Taylor v. Emmet

McLaughlin, J. (concurring):

I concur in the opinion of Mr. Justice Dowling. Unless section 473 means what it plainly says, viz., that “ the summons may be served by delivering a copy to the guardian so appointed,” I am unable to see what can be its meaning or purpose. Where the summons has been served by publication or personally outside the State upon an infant, a guardian ad litem may be appointed as prescribed in sections 471 and 472. And if, as the respondents contend, the summons must always be served in one of these ways, section 473 is unnecessary and meaningless. In Crouter v. Crouter (133 N. Y. 55) the summons was served personally outside the State upon certain infant defendants and a guardian ad litem'appointed before the necessary time had elapsed to make the service complete. It was held that the court did not have jurisdiction to make the appointment, but it is obvious that this case and the somewhat *212similar cases cited by the respondents, where an attempt had been made to serve the summons as prescribed in section 438 and an application for the appointment of a guardian was made in accordance with section 471, have no application to the method of service prescribed in section 473.

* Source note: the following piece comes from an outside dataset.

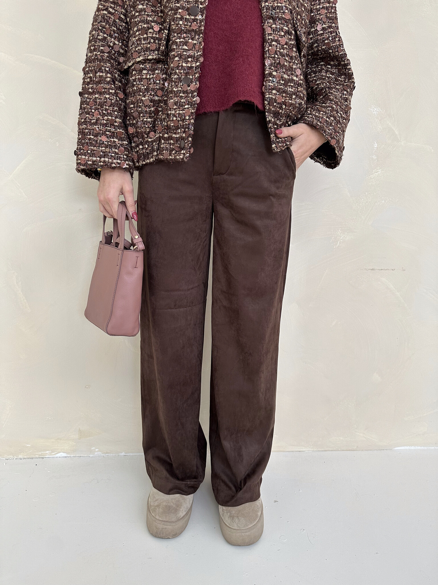 Bijzonderheden: Suede look pantalon, high waist, wide leg

On the other hand, it was expressly held in Gotendorf v. Goldschmidt (83 N. Y. 110) that under, subdivision 2 of section 116 of the Code of Procedure no prior service of the summons was necessary to give jurisdiction, and the same was held in Schell v. Cohen (55 Hun, 207) as to section.473 of the Code of Civil Procedure. In the latter ease the defendant derived his title-to certain real property through a sale under a decree of foreclosure. In the foreclosure action the summons was served upon a guardian nisi appointed for an absent infant defendant under section 473, without any prior service upon the infant, and the court held the title good. It is true that the only objection urged seems to have been that the consent of the guardian to act was not acknowledged, but the same is nevertheless an absolute authority for the proposition that jurisdiction can be acquired without such prior service. That case was expressly approved in Smith v. Reid (134 N. Y. 568). Section 473 as it then stood applied only to a resident infant temporarily absent and had not been extended to apply, as it does now, to non-residents, but no distinction can be made upon this point and none is attempted. (See, also, Platt v. Finck, 60 App. Div. 312.)

I think that these decisions are controlling and that the question is no longer an open one. I am unable to appreciate the suggestion that the interests of the infant are not .fully protected by such service. The infant becomes a ward of the court; the guardian ad litem is appointed by the court as its officer to protect his interests and the presumption is that he will do his duty.

Order reversed, with ten dollars costs and disbursements, and motion denied, with ten dollars Costs.